Signups rise as more people subscribe to Netflix’s ad tier to save money — and as Netflix kicks slackers shared accounts more than a year.
“2025 is the year we go from ‘browsing’ to ‘walking,'” Netflix CEO Greg Peters told investors, referring to ad monetization, during the company’s Q4 earnings call on Tuesday.
Netflix doubled its annual advertising revenue last year, and “we expect it to double again this year,” Peters said.
Making money is moving
For Netflix, the “crawl” phase involved expanding the ad-supported membership base enough to satisfy advertisers.
But since ads first launched in November 2022, “we’ve done the work to meet our goals for advertisers,” Peters said, noting that more than 55% of new subscribers signed up for an ad-supported tier last quarter. FYI, that number was 50% in October and 40% in April.

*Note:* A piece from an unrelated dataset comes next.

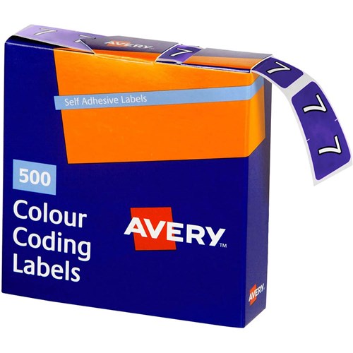 AVERY NUMERIC CODING LABEL 7 SIDE TAB 25X38MM PURPLE BOX OF 500
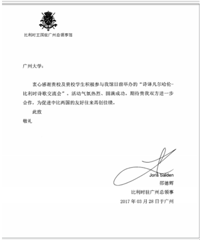比赛结束之后,比利时驻广州总领事绍德辉先生还专程寄来了感谢信,感谢我校对此次活动的支持,并期待进一步的合作。

With Netflix now comfortable with its scale in terms of ad inventory and reach, “we’ve been able to shift more of our focus to improving our offering for advertisers,” Peters said.
Serving advertisers “will remain a priority and part of our plan for years to come,” Peters said.
Netflix ad stack
For Netflix, a big part of moving its ad business from “browse” to “walk” is “building your own ad lineup,” Peters said.
Netflix first announced plans to build its own advertising technology stack in May and initially tested the platform in Canada. Now, all of the streamer’s ad serving in Canada is done in-house.
The new in-house advertising platform will launch in the US over the next few months.
According to Peters, Netflix’s advertising platform should improve the experience of media buyers by increasing flexibility while reducing the number of programmatic jumps. For example, agencies and brands can buy Netflix inventory directly through their choice of The Trade Desk, Google DV360, Magnite or Microsoft, Netflix original advertising sales partner.
Control over its own ad serving technology also allows Netflix to provide advertisers with “more data sources, more measurement and more incremental reporting,” Peters said, in addition to broader programmatic availability. Better data should also improve the user experience with more relevant ads while boosting ad sales for Netflix, he added.
Meantime, Netflix is raising prices. Its ad-free standard and premium plans now cost $2.50 and $2 more per month, respectively, while the ad-supported plan is up $1 per month to $7.99. This is the first time that Netflix has increased the cost of its advertising layer.
Peters acknowledged that Netflix has “significant work to do” when it comes to maximizing ad monetization. “But we think our path is straight,” he said, “and we have a significant runway that will continue to grow.” [ad] income.”